Zombie James
Banned
https://www.thestar.com/news/insigh...a-arrests-reveal-startling-racial-divide.html
I can't wait till next year when this stupidity and waste hopefully, finally stops, or at least gets significantly reduced. This garbage is one of the main reasons why I support legalization.
Black people with no history of criminal convictions have been three times more likely to be arrested by Toronto police for possession of small amounts of marijuana than white people with similar backgrounds, according to a Toronto Star analysis.
Theyve also been more likely to be detained for bail, the data shows.
The disparity is largely due to targeting of Black people by Toronto police, according to criminologists and defence lawyers interviewed by the Star, who note that surveys show little difference in marijuana use between Black and white people.
Anthony Morgan, a human rights lawyer and community activist, called the statistics another example of the failed war on drugs.
As Canada moves toward the legalization of marijuana, the Star examined 10 years worth of Toronto Police Service marijuana arrest and charge data, obtained in a freedom-of-information request.
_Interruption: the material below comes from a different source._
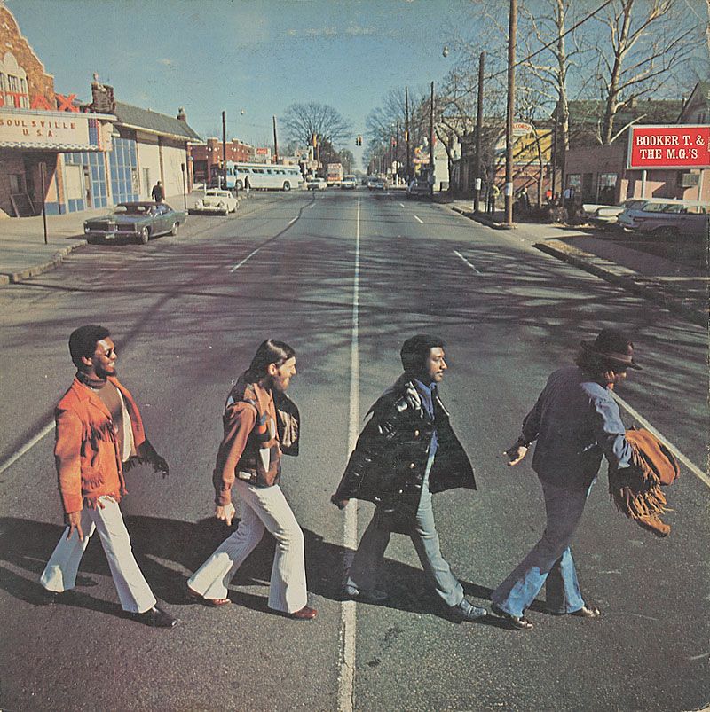 McLemore Avenue album signed on the inside gatefold in blue ink by Booker T. Jones, Donald ‘Duck’ Dunn (ins), Steve Cropper, and Alan Jackson, Jr. In very good condition, with all signatures faded and light due to irregular ink flow and adhesion, but still fairly legible. The record is included. Accompanied by a full letter of authenticity from Roger Epperson/REAL.

From 2003 to 2013, Toronto police arrested 11,299 people whose skin colour was noted and who had no prior convictions for possessing up to 30 grams of marijuana. These individuals were not on parole or probation when arrested.
According to how police recorded skin colour, 25.2 per cent of those people were Black, 52.8 per cent were white, 15.7 per cent were brown, and 6.3 per cent were categorized as other.
For Black people, the rate of arrest is significantly higher than their proportion of Torontos population in the 2006 census, which is 8.4 per cent. Whites represented 53.1 per cent of people in the city.
A third of the 40,635 marijuana charges during that decade 33.8 per cent were against Black people. The charges were for possession of no more than 30 grams, and for possession for the purpose of trafficking.
Marijuana possession arrests and offences noted in the data steadily increased during that decade. The trend parallels the police practice of carding people not involved in crimes. A 2010 Star investigation found that Black people in Toronto are 3.2 times more likely to be stopped, questioned and documented by police than white people. The ratio remained constant in three subsequent Star examinations of carding data.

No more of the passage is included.